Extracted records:
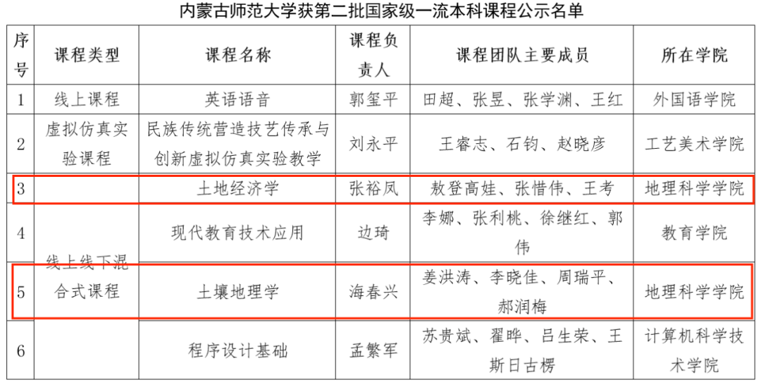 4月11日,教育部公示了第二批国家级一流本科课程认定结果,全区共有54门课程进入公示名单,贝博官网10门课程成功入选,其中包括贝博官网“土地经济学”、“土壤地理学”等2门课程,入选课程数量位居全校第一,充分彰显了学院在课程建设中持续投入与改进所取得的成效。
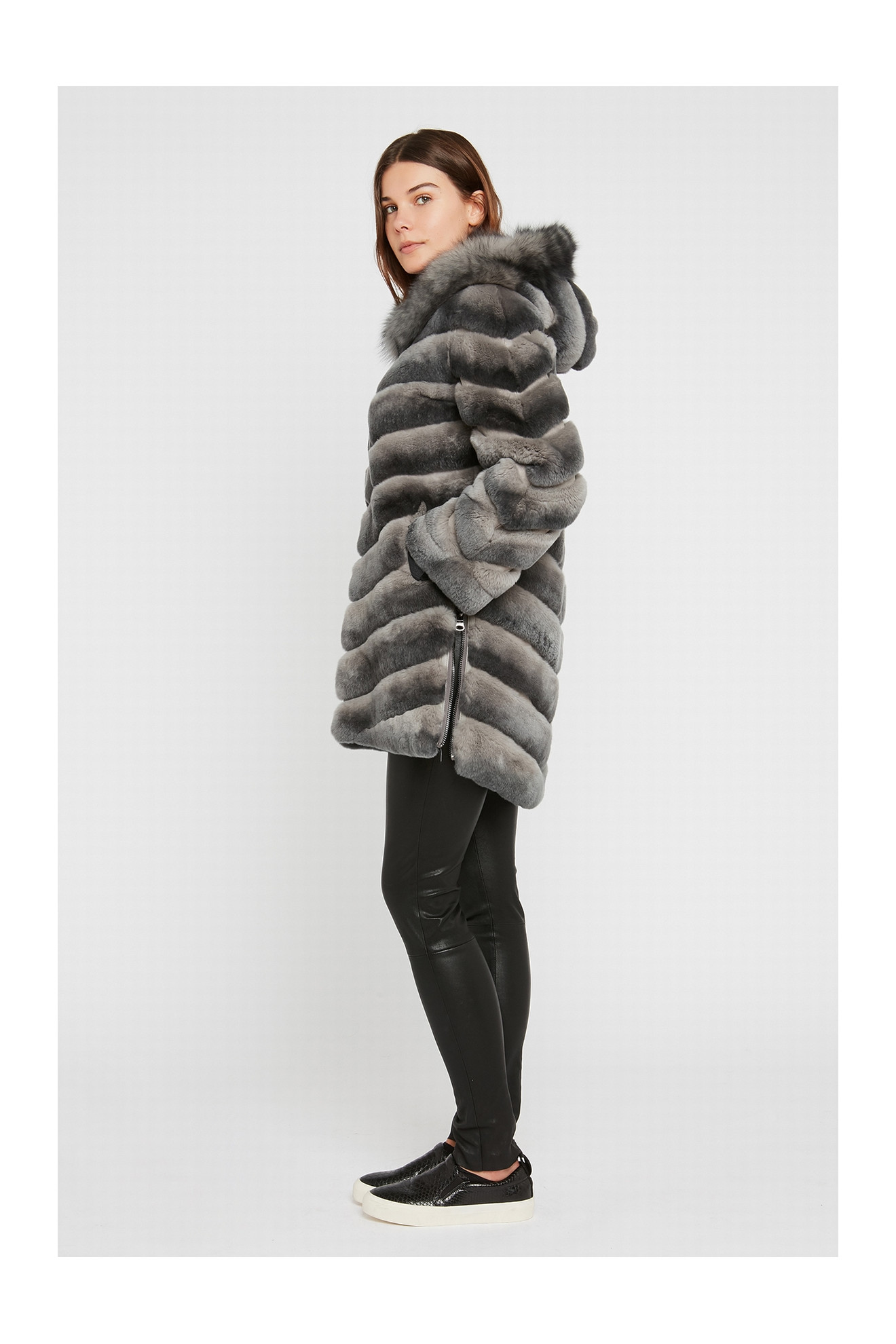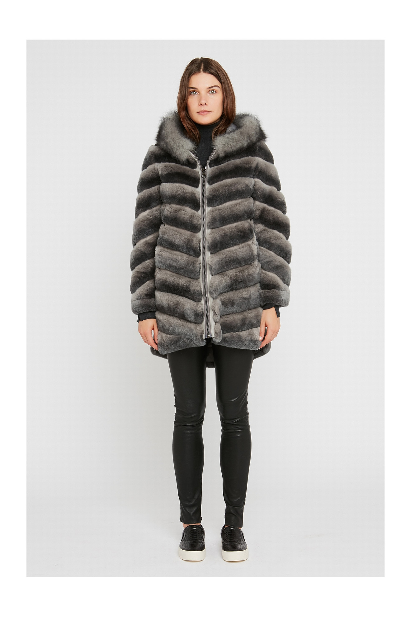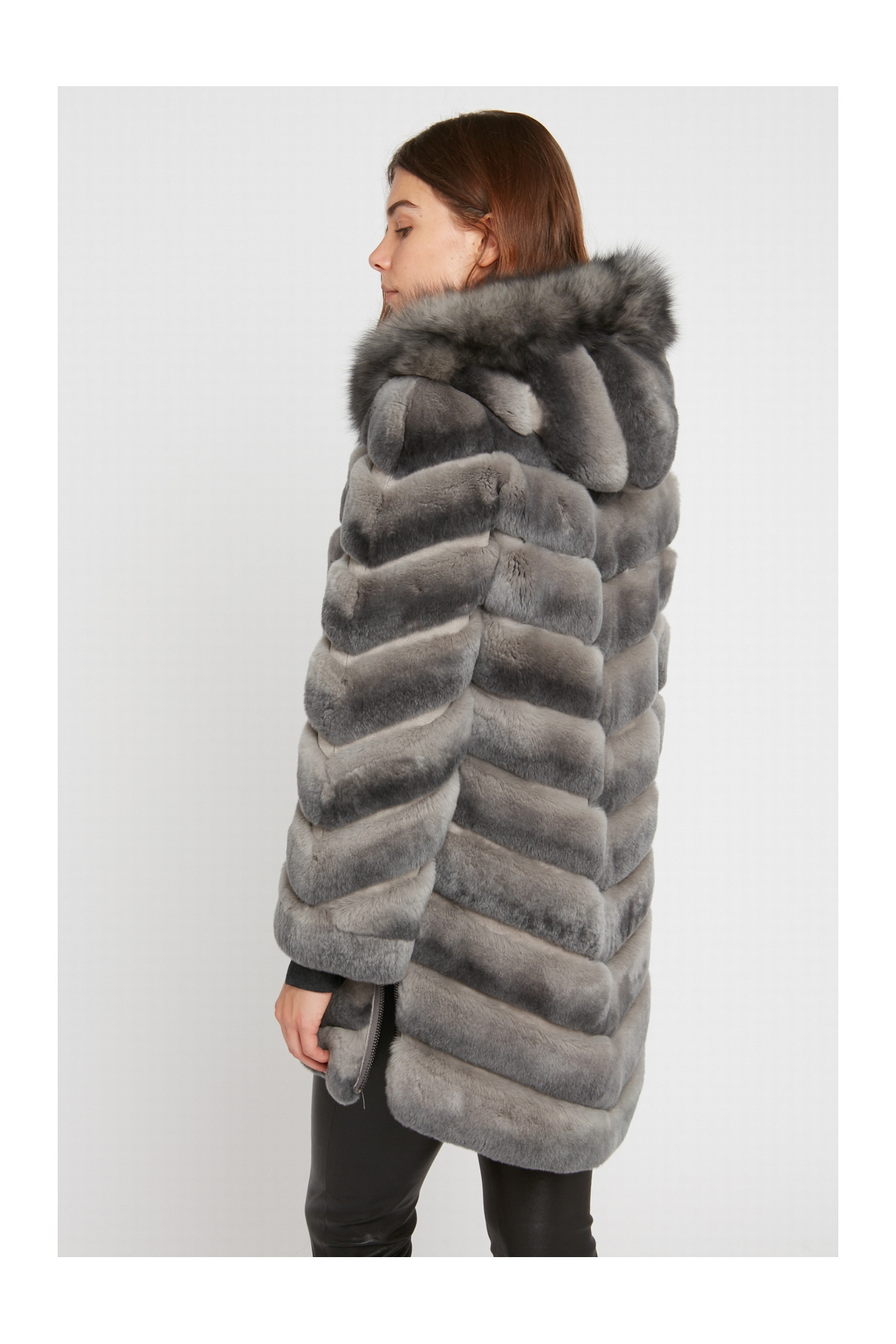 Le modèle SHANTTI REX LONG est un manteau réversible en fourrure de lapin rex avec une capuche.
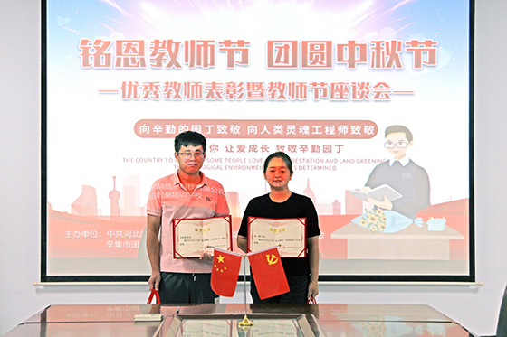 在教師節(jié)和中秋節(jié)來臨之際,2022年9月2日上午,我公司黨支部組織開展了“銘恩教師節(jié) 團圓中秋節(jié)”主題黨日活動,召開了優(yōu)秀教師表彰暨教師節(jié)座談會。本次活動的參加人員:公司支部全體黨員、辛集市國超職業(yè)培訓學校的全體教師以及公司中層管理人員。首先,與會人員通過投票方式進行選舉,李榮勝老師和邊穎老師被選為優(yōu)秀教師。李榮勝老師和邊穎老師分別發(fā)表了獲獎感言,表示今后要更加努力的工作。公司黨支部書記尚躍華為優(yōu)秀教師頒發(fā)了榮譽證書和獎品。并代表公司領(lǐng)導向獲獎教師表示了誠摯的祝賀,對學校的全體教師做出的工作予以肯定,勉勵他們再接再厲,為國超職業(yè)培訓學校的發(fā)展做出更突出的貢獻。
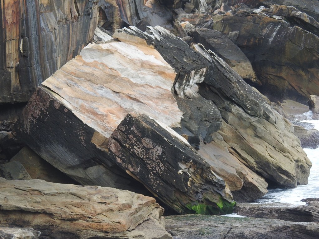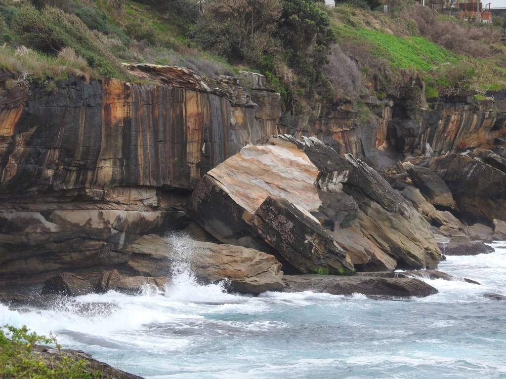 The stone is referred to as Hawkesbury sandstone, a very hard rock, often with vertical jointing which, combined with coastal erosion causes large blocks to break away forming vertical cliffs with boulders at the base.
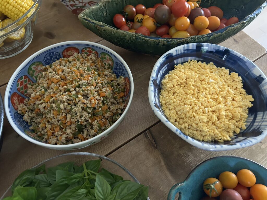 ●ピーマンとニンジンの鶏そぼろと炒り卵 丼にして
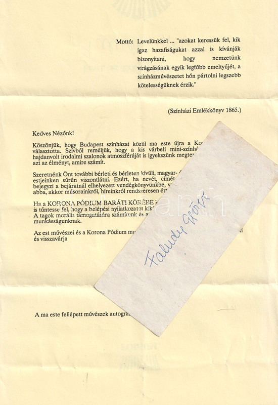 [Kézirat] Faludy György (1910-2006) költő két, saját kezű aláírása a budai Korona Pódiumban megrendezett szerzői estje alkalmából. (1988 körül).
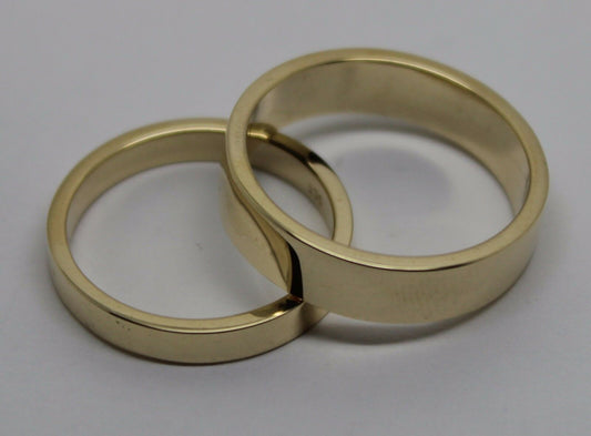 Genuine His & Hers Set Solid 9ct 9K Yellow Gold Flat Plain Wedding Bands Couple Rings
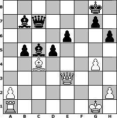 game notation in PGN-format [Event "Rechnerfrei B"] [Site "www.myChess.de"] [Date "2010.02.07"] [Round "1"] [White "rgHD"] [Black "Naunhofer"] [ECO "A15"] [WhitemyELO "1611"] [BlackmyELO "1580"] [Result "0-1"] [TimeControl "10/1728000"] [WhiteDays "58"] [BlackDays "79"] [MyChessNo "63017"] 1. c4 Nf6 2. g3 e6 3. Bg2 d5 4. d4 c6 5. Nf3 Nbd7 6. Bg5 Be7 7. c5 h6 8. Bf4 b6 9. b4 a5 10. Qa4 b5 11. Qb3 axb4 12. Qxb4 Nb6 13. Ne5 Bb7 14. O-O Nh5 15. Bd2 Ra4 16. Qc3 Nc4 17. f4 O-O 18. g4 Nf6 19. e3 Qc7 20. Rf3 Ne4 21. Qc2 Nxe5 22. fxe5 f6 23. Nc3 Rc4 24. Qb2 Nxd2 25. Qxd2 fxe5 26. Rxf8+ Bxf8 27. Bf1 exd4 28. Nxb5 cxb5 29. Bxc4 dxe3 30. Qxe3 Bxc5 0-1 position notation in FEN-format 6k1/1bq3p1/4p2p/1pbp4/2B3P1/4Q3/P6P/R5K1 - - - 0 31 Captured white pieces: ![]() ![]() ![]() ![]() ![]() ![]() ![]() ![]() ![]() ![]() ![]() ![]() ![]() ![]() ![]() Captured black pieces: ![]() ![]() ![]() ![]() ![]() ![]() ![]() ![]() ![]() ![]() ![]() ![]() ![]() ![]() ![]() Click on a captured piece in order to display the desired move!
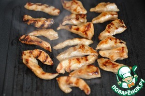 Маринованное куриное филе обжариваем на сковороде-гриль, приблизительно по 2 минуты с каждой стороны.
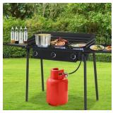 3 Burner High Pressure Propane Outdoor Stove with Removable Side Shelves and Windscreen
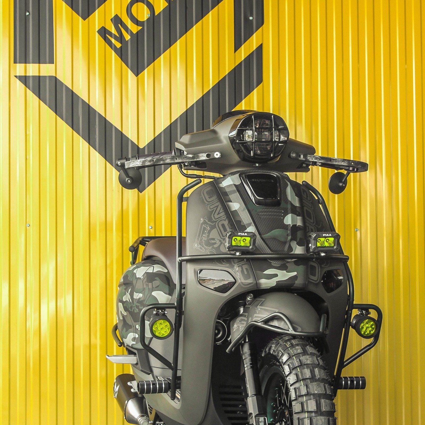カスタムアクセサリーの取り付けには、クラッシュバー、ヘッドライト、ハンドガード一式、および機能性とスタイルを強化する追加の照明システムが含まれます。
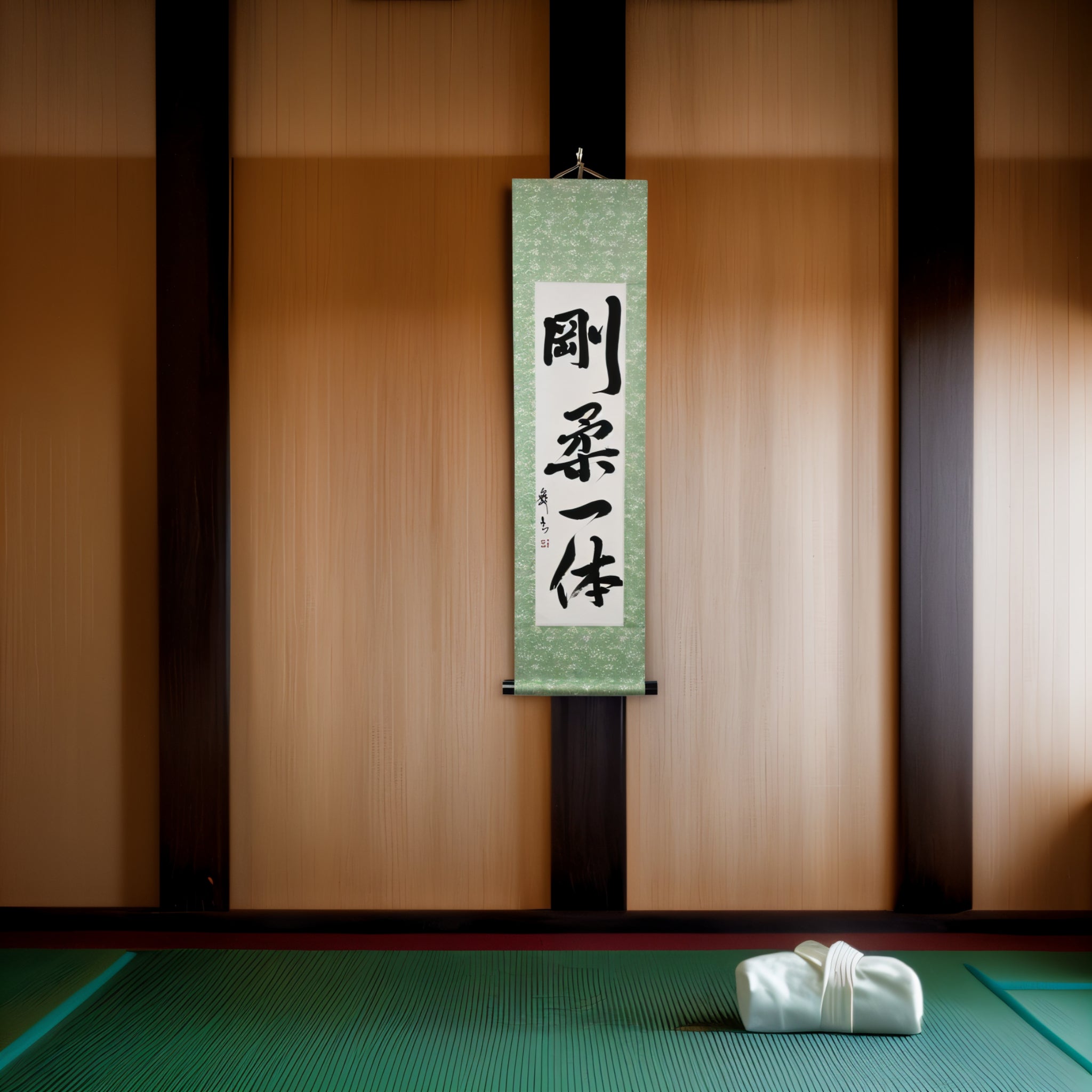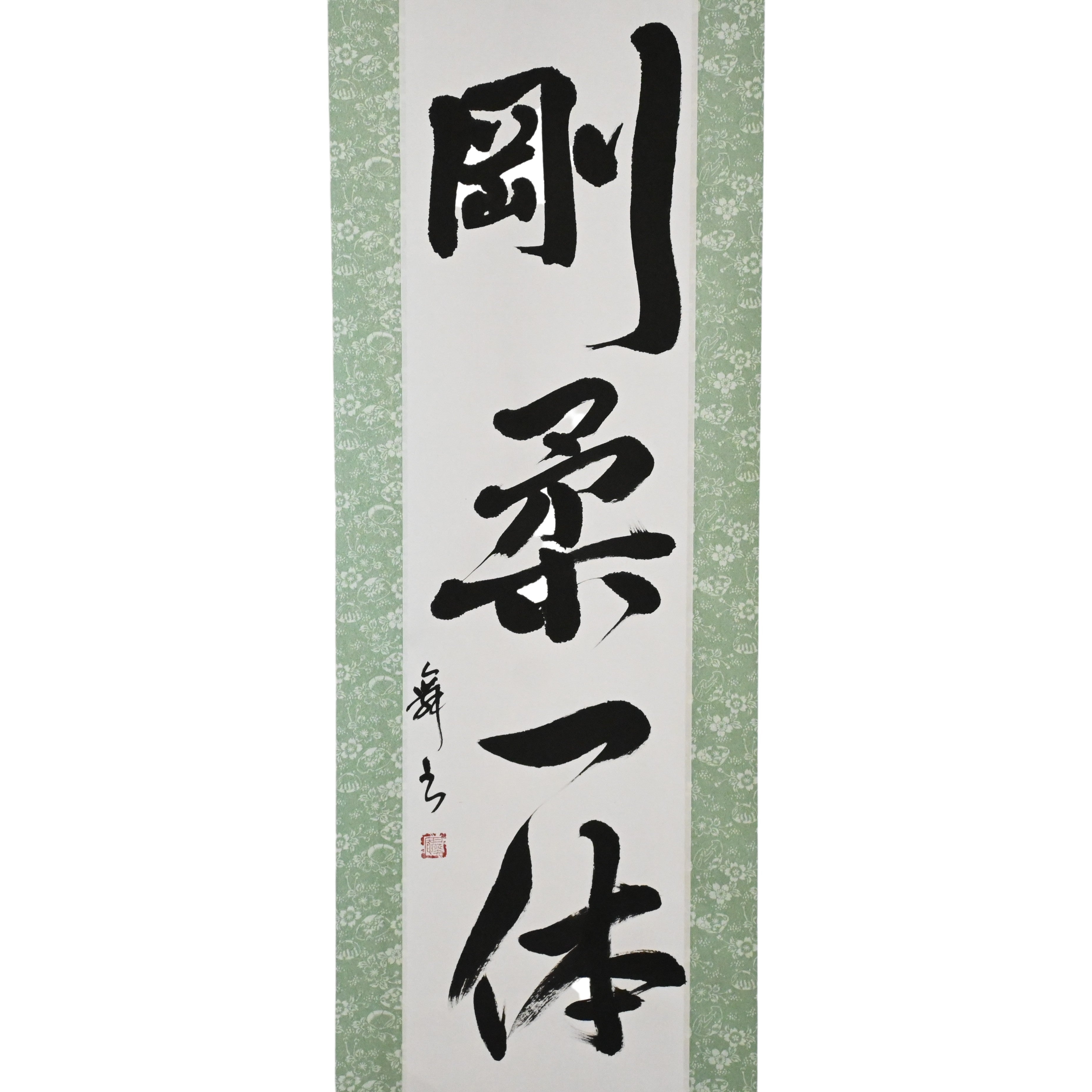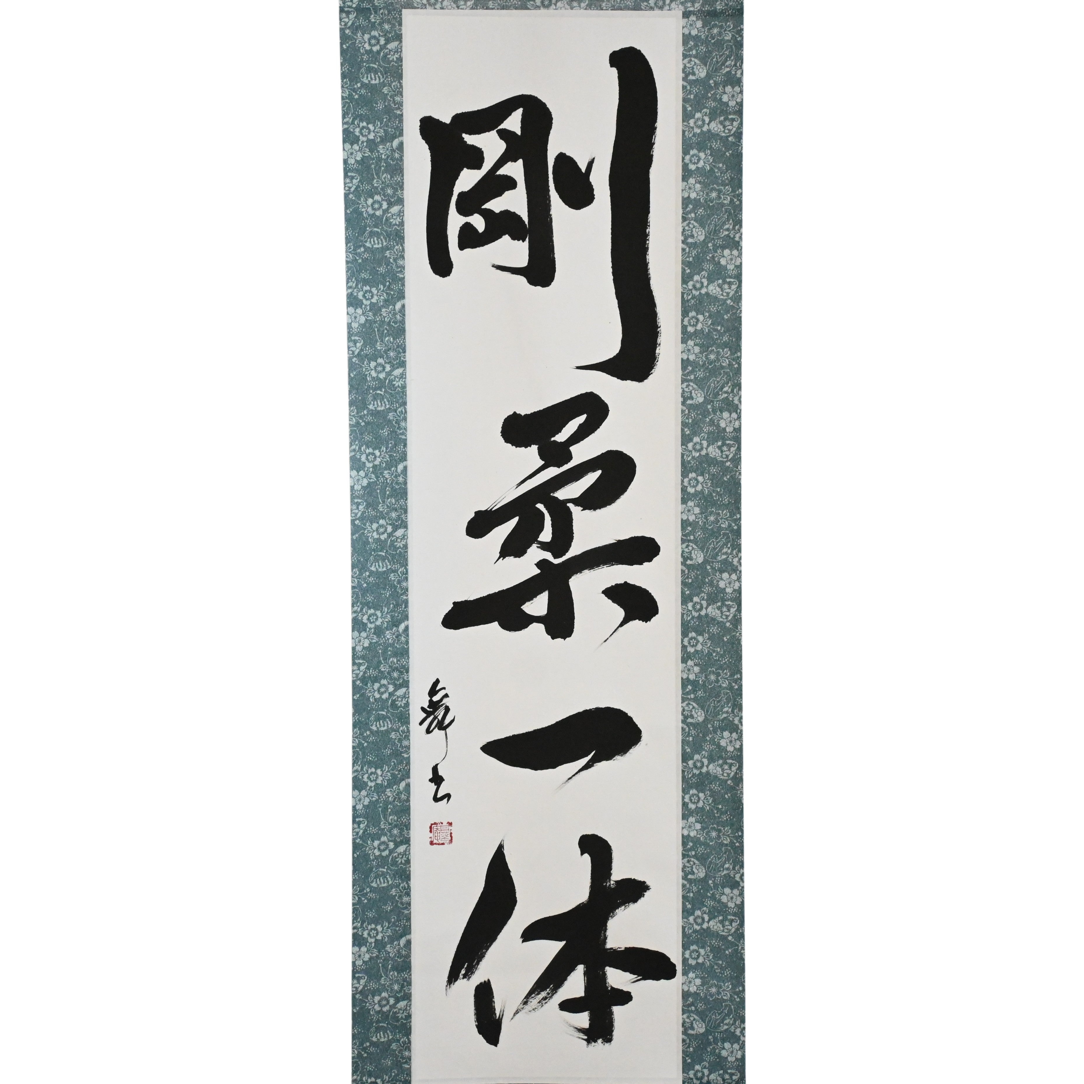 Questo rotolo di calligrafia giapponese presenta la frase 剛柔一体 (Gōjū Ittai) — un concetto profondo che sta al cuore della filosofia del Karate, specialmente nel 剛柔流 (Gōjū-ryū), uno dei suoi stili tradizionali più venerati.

Work task: Copy every record exactly, without the pictures.

Response to this task:
 4月11日,教育部公示了第二批国家级一流本科课程认定结果,全区共有54门课程进入公示名单,贝博官网10门课程成功入选,其中包括贝博官网“土地经济学”、“土壤地理学”等2门课程,入选课程数量位居全校第一,充分彰显了学院在课程建设中持续投入与改进所取得的成效。
 Le modèle SHANTTI REX LONG est un manteau réversible en fourrure de lapin rex avec une capuche.
 在教師節(jié)和中秋節(jié)來臨之際,2022年9月2日上午,我公司黨支部組織開展了“銘恩教師節(jié) 團圓中秋節(jié)”主題黨日活動,召開了優(yōu)秀教師表彰暨教師節(jié)座談會。本次活動的參加人員:公司支部全體黨員、辛集市國超職業(yè)培訓學校的全體教師以及公司中層管理人員。首先,與會人員通過投票方式進行選舉,李榮勝老師和邊穎老師被選為優(yōu)秀教師。李榮勝老師和邊穎老師分別發(fā)表了獲獎感言,表示今后要更加努力的工作。公司黨支部書記尚躍華為優(yōu)秀教師頒發(fā)了榮譽證書和獎品。并代表公司領(lǐng)導向獲獎教師表示了誠摯的祝賀,對學校的全體教師做出的工作予以肯定,勉勵他們再接再厲,為國超職業(yè)培訓學校的發(fā)展做出更突出的貢獻。
 The stone is referred to as Hawkesbury sandstone, a very hard rock, often with vertical jointing which, combined with coastal erosion causes large blocks to break away forming vertical cliffs with boulders at the base.
 ●ピーマンとニンジンの鶏そぼろと炒り卵 丼にして
 [Kézirat] Faludy György (1910-2006) költő két, saját kezű aláírása a budai Korona Pódiumban megrendezett szerzői estje alkalmából. (1988 körül).
 Genuine His & Hers Set Solid 9ct 9K Yellow Gold Flat Plain Wedding Bands Couple Rings
 game notation in PGN-format [Event "Rechnerfrei B"] [Site "www.myChess.de"] [Date "2010.02.07"] [Round "1"] [White "rgHD"] [Black "Naunhofer"] [ECO "A15"] [WhitemyELO "1611"] [BlackmyELO "1580"] [Result "0-1"] [TimeControl "10/1728000"] [WhiteDays "58"] [BlackDays "79"] [MyChessNo "63017"] 1. c4 Nf6 2. g3 e6 3. Bg2 d5 4. d4 c6 5. Nf3 Nbd7 6. Bg5 Be7 7. c5 h6 8. Bf4 b6 9. b4 a5 10. Qa4 b5 11. Qb3 axb4 12. Qxb4 Nb6 13. Ne5 Bb7 14. O-O Nh5 15. Bd2 Ra4 16. Qc3 Nc4 17. f4 O-O 18. g4 Nf6 19. e3 Qc7 20. Rf3 Ne4 21. Qc2 Nxe5 22. fxe5 f6 23. Nc3 Rc4 24. Qb2 Nxd2 25. Qxd2 fxe5 26. Rxf8+ Bxf8 27. Bf1 exd4 28. Nxb5 cxb5 29. Bxc4 dxe3 30. Qxe3 Bxc5 0-1 position notation in FEN-format 6k1/1bq3p1/4p2p/1pbp4/2B3P1/4Q3/P6P/R5K1 - - - 0 31 Captured white pieces: ![]() ![]() ![]() ![]() ![]() ![]() ![]() ![]() ![]() ![]() ![]() ![]() ![]() ![]() ![]() Captured black pieces: ![]() ![]() ![]() ![]() ![]() ![]() ![]() ![]() ![]() ![]() ![]() ![]() ![]() ![]() ![]() Click on a captured piece in order to display the desired move!
 Маринованное куриное филе обжариваем на сковороде-гриль, приблизительно по 2 минуты с каждой стороны.
 3 Burner High Pressure Propane Outdoor Stove with Removable Side Shelves and Windscreen
カスタムアクセサリーの取り付けには、クラッシュバー、ヘッドライト、ハンドガード一式、および機能性とスタイルを強化する追加の照明システムが含まれます。
 Questo rotolo di calligrafia giapponese presenta la frase 剛柔一体 (Gōjū Ittai) — un concetto profondo che sta al cuore della filosofia del Karate, specialmente nel 剛柔流 (Gōjū-ryū), uno dei suoi stili tradizionali più venerati.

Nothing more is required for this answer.